Christian foundations of science and technology innovation, part V


Gatehouse and chapel of King’s College, University of Cambridge; Photo by Tim Alex on Unsplash

. . . continued from part IV

Sacramentalism provided the seedbed for the pursuit of scientific knowledge, especially in the high-medieval period of the birth of the universities (from the 11th to the 14th centuries). In part, it did this by birthing – and this is our fifth fact – a truly devotional, awe-filled approach to that pursuit.

Think about it: when we may look at the natural world not only as the arena of God’s work but as a physical reality that reflects his divine glory, then how else would we approach it but with awe and wonder? And since medieval and early modern followers of Christ indeed believed this, they approached their study of the world not only out of a duty to apply the gift of reason, but also out of a sense of awe that the world is a conduit to God’s presence and glory. Should it surprise us, then, that the natural philosophers of that age spent hours and days and years of their lives in meticulous proto-scientific experimentation and hypothesizing?

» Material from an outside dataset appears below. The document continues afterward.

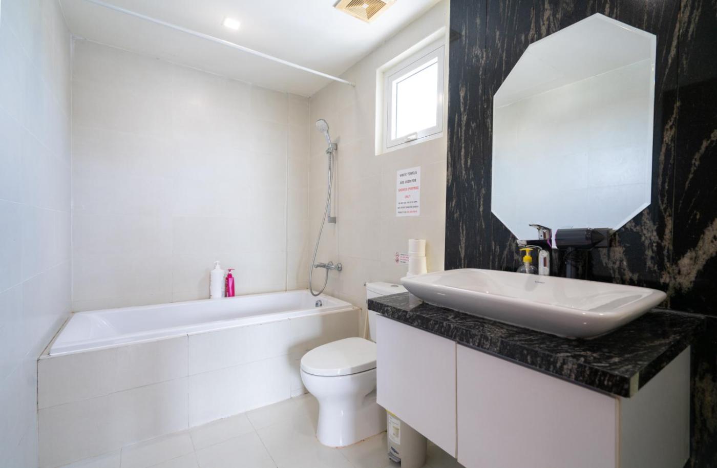 Four-Bedroom Apartment. The spacious apartment has 4 bedrooms and 2 bathrooms with a walk-in shower and free toiletries. Guests can make meals in the kitchen that has a stovetop, a refrigerator, a microwave and an electric kettle. The air-conditioned apartment features a flat-screen TV with cable channels, a washing machine, soundproof walls, a dining area as well as city views. The unit has 4 beds.

It’s an impulse that has had a long shelf life, as many modern scientists of faith are still motivated by this same awe and wonder. One such was the great American agricultural scientist and inventor George Washington Carver. He once said: “I love to think of nature as an unlimited broadcasting station, through which God speaks to us every hour, if we will only tune in.” And at another time he said, “When I touch that flower, I am not merely touching that flower. I am touching infinity.”

Now our sixth fact is not an intellectual or devotional fact, but a social and institutional one: a crucial step toward modern science occurred in the late 11th and 12th centuries, when medieval Christians developed the institution that would become the incubator of the scientific revolution: the university.

And out of that institution would emerge our seventh and eighth facts, as the so-called “schoolmen” or “scholastics” of the medieval university came to understand both that Creation is inherently orderly and rational, thus susceptible to reasoned analysis and description, and that such rational analysis of the operations of nature can harmonize with theological understandings. Let’s now look at these three facts together: the university, the rationality of creation, and the close relationship between natural science and theology for the medieval scholastics.

In 1079, following on the new flowering of education in Christendom that had been led by Charlemagne, Pope Gregory VII decreed the regulated establishment of cathedral schools that would become the first universities—at Bologna, Paris, and Oxford. And soon rulers and city governments all over Europe began to create universities to address a rising thirst for knowledge, and a sense that the pursuit of such knowledge was an important social good.

The Latin-language curriculum of these universities was soaked in the classical authors, especially in logic, natural philosophy, metaphysics, and medicine. Some universities became known for the teaching of law (such as Bologna), others for the arts and theology (such as Paris). By the 1300s, twenty-nine universities had already been founded in Europe, and many more would follow. And with these new institutions came a new interest in the scientific exploration of the universe. The thinkers of that time were just beginning to discover nature itself, as something that was real, present, active, and above all intelligible. It was like they suddenly found another being on earth (and, in fact, they often personified nature in their allegories of this time) who had power and handed down decrees that must be obeyed or challenged. At the same time, they discovered that they themselves were caught up within the framework of nature, as bits of this cosmos they were readying themselves to master.

The new, university-based Christian intellectual tradition of “scholasticism” sought to comprehend the whole sweep of human experience, including our experience of the natural world, in a single, theologically informed system. According to historian Eugene Fairweather, this was “the most daring constructive attempt in the Church’s history to think of grace and nature, faith and reason, Christianity and culture, God and his creation, in terms that would neither separate nor confuse them, neither strip God of his sovereignty nor do violence to the integrity of his creatures.”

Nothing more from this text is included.